- Education: Tel Aviv University
- Awards: ACM Fellow (2022); SIGCSE Award for Outstanding Contribution to Computer Science Education (2007);
- Scientific career
- Fields: Computer science education Gender Teacher training
- Workplaces: Open University of Israel
- Website: www.openu.ac.il/en/personalsites/ProfJudithGalEzer.aspx

= Judith Gal-Ezer =

Israeli computer science professor

Judith Gal-Ezer (born 1947; יהודית גל-עזר) is an Israeli computer scientist and computer science educator known for her development of the high school computer science curriculum in Israel. She is a professor emerita at the Open University of Israel.

==Education and career==
Gal-Ezer graduated from Tel Aviv University in 1968, and completed her PhD in applied mathematics there in 1978. She also studied for a diploma in computer science there from 1983 to 1985.

==Career and research==
After working as an adjunct lecturer at Tel Aviv University, from 1980 to 1985, she joined the Open University faculty in 1990. She retired in 2016.

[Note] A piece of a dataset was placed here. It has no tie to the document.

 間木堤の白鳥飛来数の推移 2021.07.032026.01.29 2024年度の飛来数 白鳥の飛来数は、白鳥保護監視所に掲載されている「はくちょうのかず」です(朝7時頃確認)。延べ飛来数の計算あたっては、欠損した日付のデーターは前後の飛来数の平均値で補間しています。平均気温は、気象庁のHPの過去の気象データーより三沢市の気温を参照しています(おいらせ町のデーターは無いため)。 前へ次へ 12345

Gal-Ezer is one of the founders of the Computer Science Department at the Open University of Israel. She has served as head of Mathematics and Computer Science and as Vice President for Academic Affairs at the Open University, and as Advisor to the President on Women’s and Gender Issues. She has also been a leader in the development of Israel's high school computer science curriculum for over 25 years.

===Awards and honors===
In 2007 she won the SIGCSE Award for Outstanding Contribution to Computer Science Education. She was the winner of the IEEE Computer Society's 2015 Taylor L. Booth Education Award "for outstanding research and its practical application in the field of computer science education". She is the 2017 winner of the ACM Karl V. Karlstrom Outstanding Educator Award, "for her central role in developing a groundbreaking high-school computer science curriculum, her outstanding CS education research and her extensive service to the education community". She was named a 2021 ACM Fellow "for contributions to research and implementation in computer science education".